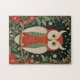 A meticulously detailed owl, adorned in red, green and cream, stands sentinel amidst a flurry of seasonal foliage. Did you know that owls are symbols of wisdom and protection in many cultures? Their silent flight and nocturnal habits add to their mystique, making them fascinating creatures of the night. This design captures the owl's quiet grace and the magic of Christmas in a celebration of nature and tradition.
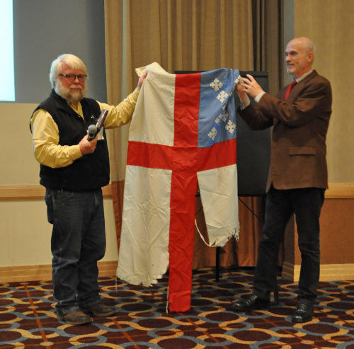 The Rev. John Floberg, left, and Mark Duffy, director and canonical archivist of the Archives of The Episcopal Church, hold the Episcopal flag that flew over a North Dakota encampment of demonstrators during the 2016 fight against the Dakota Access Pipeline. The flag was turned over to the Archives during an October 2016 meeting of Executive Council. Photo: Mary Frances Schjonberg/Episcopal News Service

+===+

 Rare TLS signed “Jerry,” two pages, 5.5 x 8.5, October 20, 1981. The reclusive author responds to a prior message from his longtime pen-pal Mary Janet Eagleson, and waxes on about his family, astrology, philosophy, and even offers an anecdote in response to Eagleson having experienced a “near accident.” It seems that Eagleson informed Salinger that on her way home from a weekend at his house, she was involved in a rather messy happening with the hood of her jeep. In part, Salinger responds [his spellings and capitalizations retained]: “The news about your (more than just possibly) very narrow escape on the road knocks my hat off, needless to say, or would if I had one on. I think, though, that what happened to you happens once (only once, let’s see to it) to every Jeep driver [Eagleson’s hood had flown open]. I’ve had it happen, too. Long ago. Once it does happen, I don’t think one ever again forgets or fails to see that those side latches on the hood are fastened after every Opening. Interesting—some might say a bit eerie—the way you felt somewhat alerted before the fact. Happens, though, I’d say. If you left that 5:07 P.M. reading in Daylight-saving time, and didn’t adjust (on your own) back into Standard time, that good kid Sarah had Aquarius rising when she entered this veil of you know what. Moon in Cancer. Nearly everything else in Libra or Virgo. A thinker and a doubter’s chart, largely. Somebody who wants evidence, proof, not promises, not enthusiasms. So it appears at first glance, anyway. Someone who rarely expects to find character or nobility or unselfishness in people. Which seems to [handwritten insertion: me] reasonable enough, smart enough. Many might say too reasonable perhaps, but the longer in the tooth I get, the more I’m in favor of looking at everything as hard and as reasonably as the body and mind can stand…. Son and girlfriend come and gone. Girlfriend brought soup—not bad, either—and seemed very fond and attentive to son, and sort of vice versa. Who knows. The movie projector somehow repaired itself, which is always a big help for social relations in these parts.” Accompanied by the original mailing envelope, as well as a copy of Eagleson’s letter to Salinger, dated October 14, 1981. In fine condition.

+===+

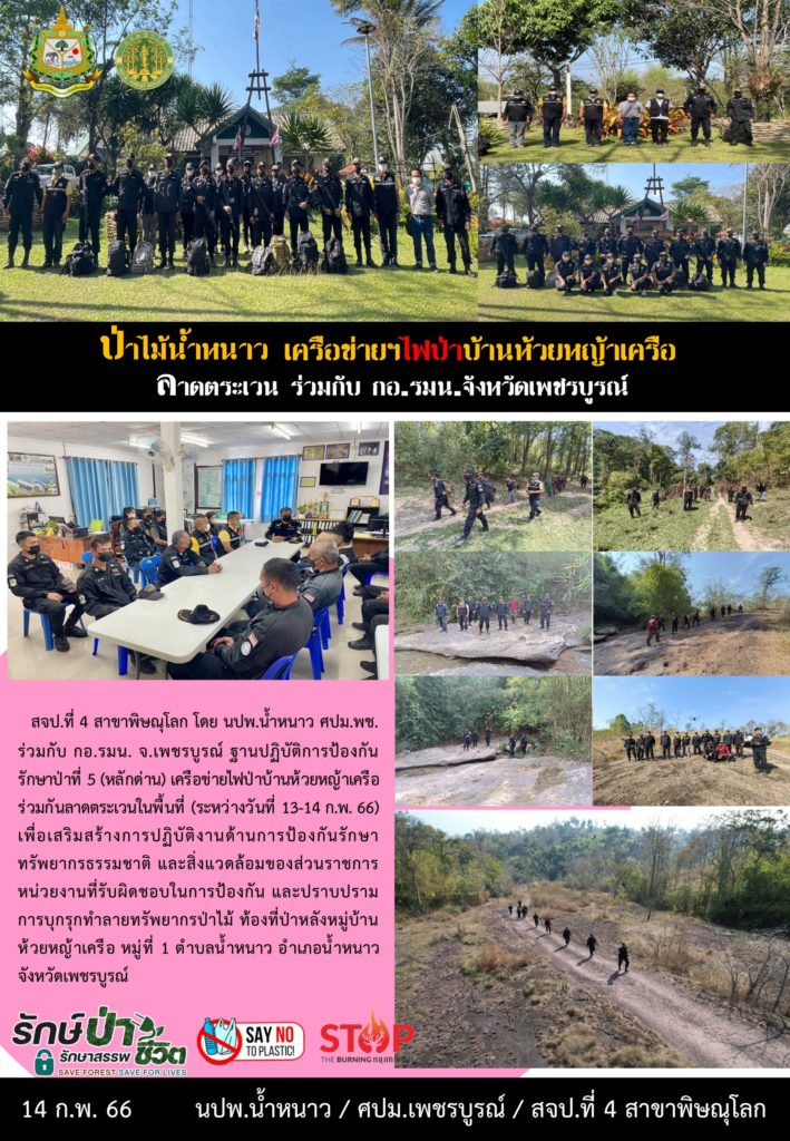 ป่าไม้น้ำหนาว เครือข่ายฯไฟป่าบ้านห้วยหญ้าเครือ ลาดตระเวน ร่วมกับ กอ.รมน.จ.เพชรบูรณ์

+===+

» **Your objective**
While skipping the pictures, transcribe the data above from the line showing "A meticulously detailed" through the line showing "The Rev. John", exactly and with both ends.

» **Task result**
 A meticulously detailed owl, adorned in red, green and cream, stands sentinel amidst a flurry of seasonal foliage. Did you know that owls are symbols of wisdom and protection in many cultures? Their silent flight and nocturnal habits add to their mystique, making them fascinating creatures of the night. This design captures the owl's quiet grace and the magic of Christmas in a celebration of nature and tradition.
 The Rev. John Floberg, left, and Mark Duffy, director and canonical archivist of the Archives of The Episcopal Church, hold the Episcopal flag that flew over a North Dakota encampment of demonstrators during the 2016 fight against the Dakota Access Pipeline. The flag was turned over to the Archives during an October 2016 meeting of Executive Council. Photo: Mary Frances Schjonberg/Episcopal News Service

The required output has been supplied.